Barack Hussein Obama II – król Polski

Obowiązuje stara zasada mocarstw: Nihil Novi, czyli nic nowego bez nas. Jeśli Obama tupnie nogą w Owalnym biurze, jego wola stanie się faktem w Polsce. Ani Merkel, ani Putin nie mają takich możliwości.

 

Największe zasługi za zmianę ustroju w Polsce ma imperialna polityka mocarstwa Stanów Zjednoczonych. Wszyscy inni, czyli związkowcy „Solidarności”, rząd generała Jaruzelskiego, służby policyjne i wojskowe oraz Żydzi mieli tylko role wykonawcze.
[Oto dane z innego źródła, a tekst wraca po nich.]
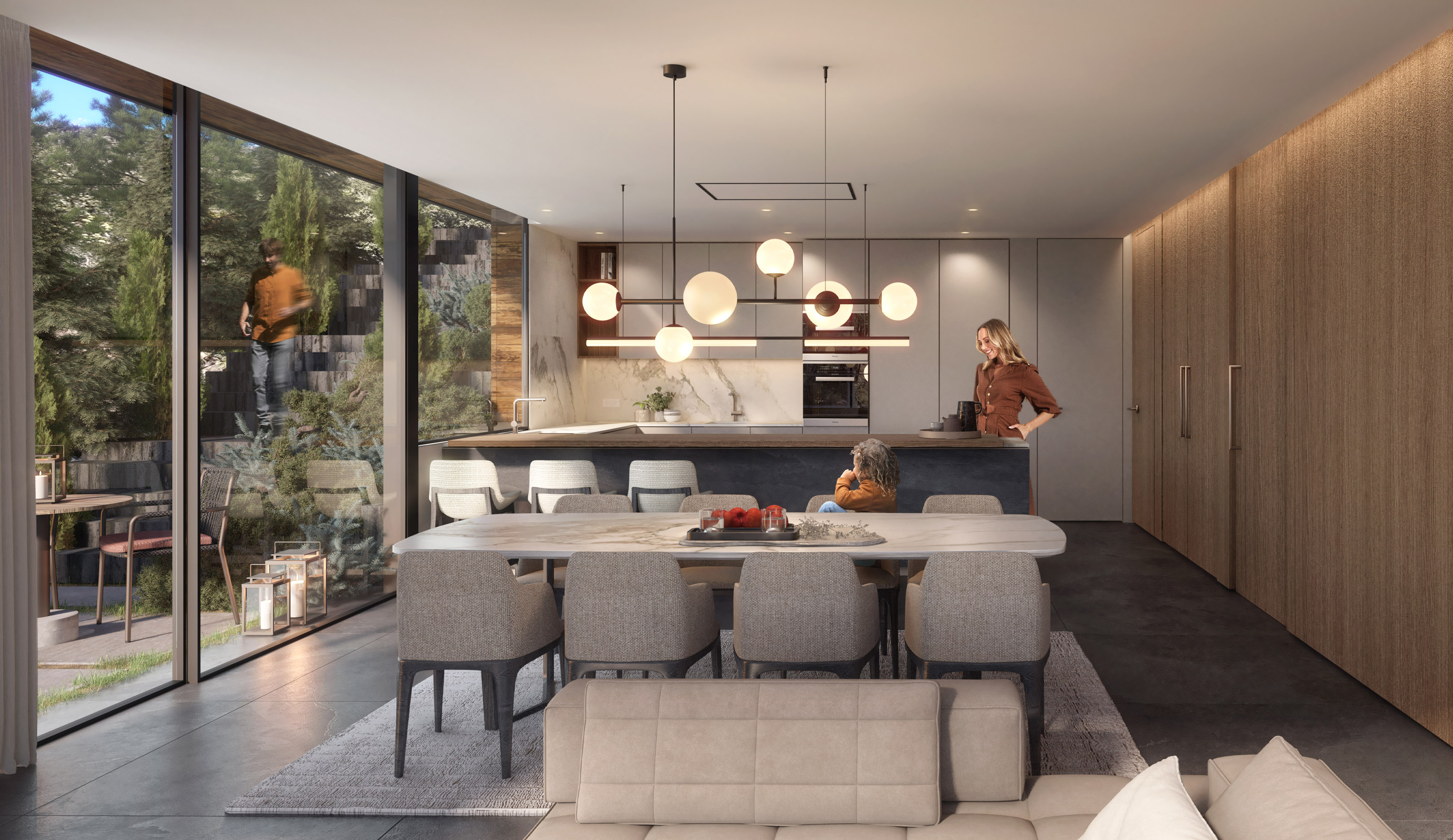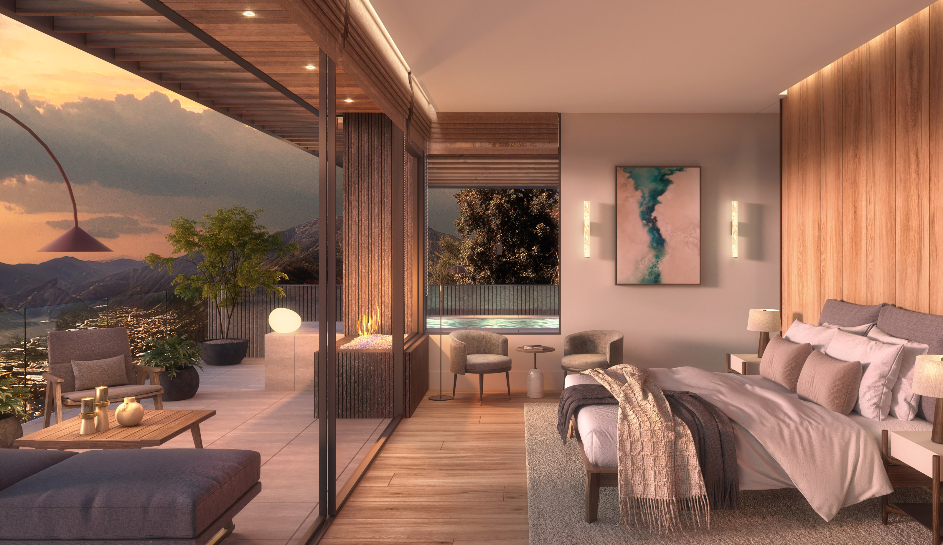 Residential project consisting of five identical residential blocks, each with varying levels of height that allow for the appreciation of panoramic views offered by the surroundings, spanning from the mountains to the city. The surrounding landscape is characterized by curved and organic forms. In contrast, the architectural design breaks away from these curves by presenting straight lines, thus becoming the focal point of the composition.

W mojej ocenie kosztowało to Stany Zjednoczone tylko 100 milionów dolarów aby między innymi wypromować Lecha Wałęsę jako symbol walki z komunizmem i zainstalować go na 5 lat jako prezydenta RP.

Docelowo łupem USA zawsze była i jest Rosja. Animozje z czasów „zimnej wojny” są trwałe, a Rosja stanowi łakomy kąsek w postaci jej zasobów mineralnych i paliwowych oraz możliwości przejęcia jej 142 milionów obywateli jak nowoczesnych niewolników.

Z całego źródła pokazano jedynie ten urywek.